● Aim of the task: Output the data below exactly, without images.

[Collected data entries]
= = = =

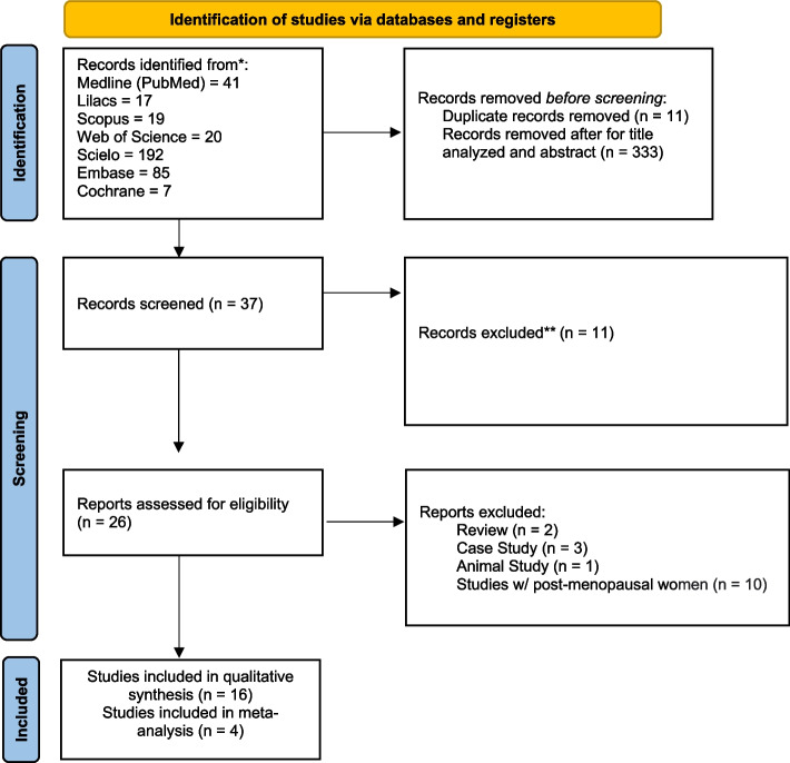 Results: Initially, 381 articles were found using the search strategy and 26 were read in full. After risk of bias analysis, 16 articles remained in the systematic review and four were included in the meta-analysis. The studies showed a reduction in bone mass in the lumbar spine in the first months postpartum (4 - 6 months), when compared with a longer period of breastfeeding (12-18 months). The breastfeeding group presented a greater impact in the meta-analysis than the control group (non-breastfeeding, pregnant, or immediate postpartum), with a reduction in BMD in the lumbar spine of -0.18 g/cm2 (-0.36, -0.01 g/cm2); 95% Confidence Interval, on a scale from 0 to 10.
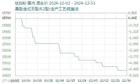 如今的报价较年内高值下跌超2000元/吨,跌幅约15%。今年以来,国内钛白粉市场整体呈下行走势,尤其是四季度以来价格持续下滑,最终在年末形成了较低的价格行情。
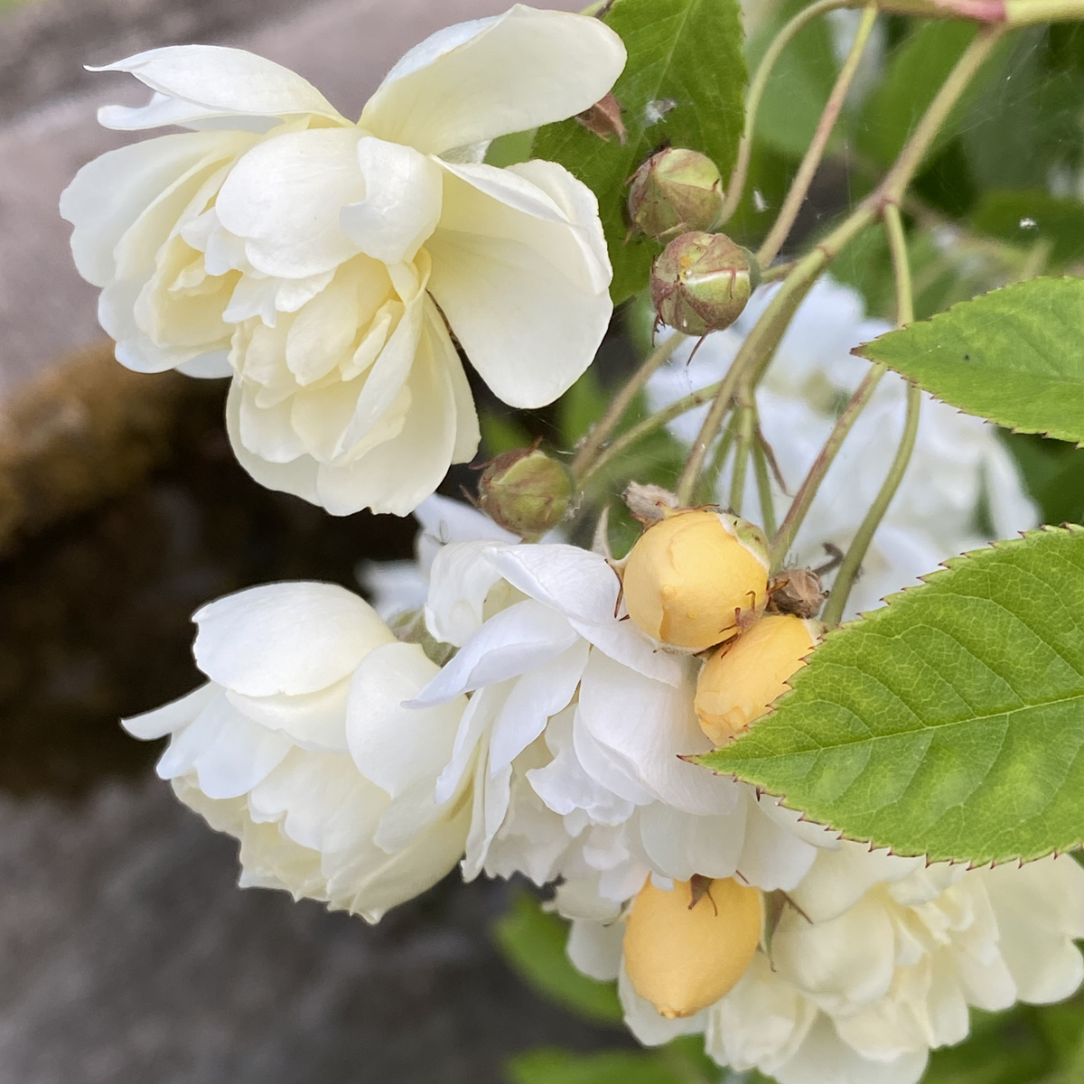 Rosa helenae 'Christine Helene' är en charmig och kraftfull klätterros som förvandlar varje pergola, spaljé eller vägg till en blommande dröm. Dess små, halvfyllda blommor sprider sig i klasar och skiftar i mjukt crèmevitt med en mild gul mitt. Doften är ljuvlig, med en söt och fruktig karaktär som lockar fjärilar och bin. Under hösten pryds busken av dekorativa, orange nypon som tillför ytterligare skönhet och intresse.
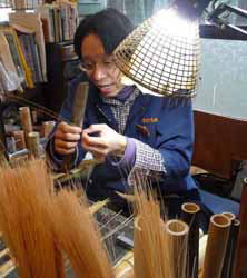 食後は工房の見学。さまざまな種類の竹、さらには育つ途中で板で形を作って平たく育てた竹、雷にあって稲妻の通った黒い部分がある竹などがあった。糸のように細いヒゴを割りながら職人さんが説明をしてくれたが、竹と言ってもただ割ってはまっすぐに割けないので微妙に刃の調節をしながら割っている事、人形の頭を作るためには1本の竹から削りだしたり、何枚かの竹の板を貼り合わせて厚みを出してから削り出すなどいくつかの方法がある事、また胴体にしてもそのまま作りだしたり、太さの違う竹を順にはめていくなど色々な方法がある事などを説明してくれた。
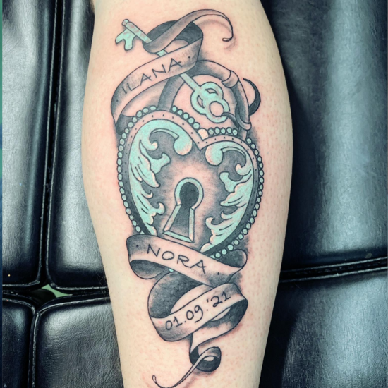 Neo-traditional hartslot met sleutel, namen Ilana, Nora en datum.
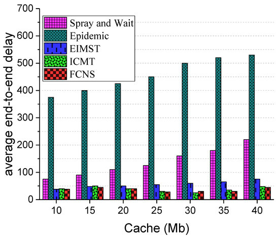 Next, Figure 10 exhibits the comparison results between the five different algorithms in terms of average end-to-end delay. As shown in the figure, the average end-to-end delay of each algorithm is rising with the increase of the cache space of nodes. Clearly, when the cache space of the node rises from 10 Mb to 40 Mb, the average end-to-end delay of the FCNS algorithm remains relatively stable and is always the lowest among these algorithms. This is due to the fact that the FCNS algorithm makes message delivery decisions by determining and comparing the similarity degree of the node, and the transmission preference plays a decisive role in the data transmission process. Additionally, an increase in the cache space does not have a significant effect on the mobile information and social attributes of nodes—thus, the delay of routing selections, of relay nodes waiting for messages, and of message forwarding are only a slight change. Comparatively speaking, the Epidemic algorithm manufactures a large number of message group copies in the network, which causes a sharp increase in the routing and forwarding delays of the message. The Spray and Wait algorithm effectively limits the number of message copies, so the average end-to-end delay of the algorithm is lower than the Epidemic one. Besides, the EIMST algorithm implements community division and information management, while the ICMT algorithm adopts a cooperative mechanism to realize the reasonable utilization of cache spaces of the node. Therefore, the average end-to-end delays in the EIMST and ICMT algorithms are obviously lower than the traditional algorithms. To sum up, compared with other algorithms, the FCNS algorithm is the optimal method to improve average end-to-end delays in the network.

= = = =

● Solved exercise:
 Results: Initially, 381 articles were found using the search strategy and 26 were read in full. After risk of bias analysis, 16 articles remained in the systematic review and four were included in the meta-analysis. The studies showed a reduction in bone mass in the lumbar spine in the first months postpartum (4 - 6 months), when compared with a longer period of breastfeeding (12-18 months). The breastfeeding group presented a greater impact in the meta-analysis than the control group (non-breastfeeding, pregnant, or immediate postpartum), with a reduction in BMD in the lumbar spine of -0.18 g/cm2 (-0.36, -0.01 g/cm2); 95% Confidence Interval, on a scale from 0 to 10.
 如今的报价较年内高值下跌超2000元/吨,跌幅约15%。今年以来,国内钛白粉市场整体呈下行走势,尤其是四季度以来价格持续下滑,最终在年末形成了较低的价格行情。
 Rosa helenae 'Christine Helene' är en charmig och kraftfull klätterros som förvandlar varje pergola, spaljé eller vägg till en blommande dröm. Dess små, halvfyllda blommor sprider sig i klasar och skiftar i mjukt crèmevitt med en mild gul mitt. Doften är ljuvlig, med en söt och fruktig karaktär som lockar fjärilar och bin. Under hösten pryds busken av dekorativa, orange nypon som tillför ytterligare skönhet och intresse.
 食後は工房の見学。さまざまな種類の竹、さらには育つ途中で板で形を作って平たく育てた竹、雷にあって稲妻の通った黒い部分がある竹などがあった。糸のように細いヒゴを割りながら職人さんが説明をしてくれたが、竹と言ってもただ割ってはまっすぐに割けないので微妙に刃の調節をしながら割っている事、人形の頭を作るためには1本の竹から削りだしたり、何枚かの竹の板を貼り合わせて厚みを出してから削り出すなどいくつかの方法がある事、また胴体にしてもそのまま作りだしたり、太さの違う竹を順にはめていくなど色々な方法がある事などを説明してくれた。
 Neo-traditional hartslot met sleutel, namen Ilana, Nora en datum.
 Next, Figure 10 exhibits the comparison results between the five different algorithms in terms of average end-to-end delay. As shown in the figure, the average end-to-end delay of each algorithm is rising with the increase of the cache space of nodes. Clearly, when the cache space of the node rises from 10 Mb to 40 Mb, the average end-to-end delay of the FCNS algorithm remains relatively stable and is always the lowest among these algorithms. This is due to the fact that the FCNS algorithm makes message delivery decisions by determining and comparing the similarity degree of the node, and the transmission preference plays a decisive role in the data transmission process. Additionally, an increase in the cache space does not have a significant effect on the mobile information and social attributes of nodes—thus, the delay of routing selections, of relay nodes waiting for messages, and of message forwarding are only a slight change. Comparatively speaking, the Epidemic algorithm manufactures a large number of message group copies in the network, which causes a sharp increase in the routing and forwarding delays of the message. The Spray and Wait algorithm effectively limits the number of message copies, so the average end-to-end delay of the algorithm is lower than the Epidemic one. Besides, the EIMST algorithm implements community division and information management, while the ICMT algorithm adopts a cooperative mechanism to realize the reasonable utilization of cache spaces of the node. Therefore, the average end-to-end delays in the EIMST and ICMT algorithms are obviously lower than the traditional algorithms. To sum up, compared with other algorithms, the FCNS algorithm is the optimal method to improve average end-to-end delays in the network.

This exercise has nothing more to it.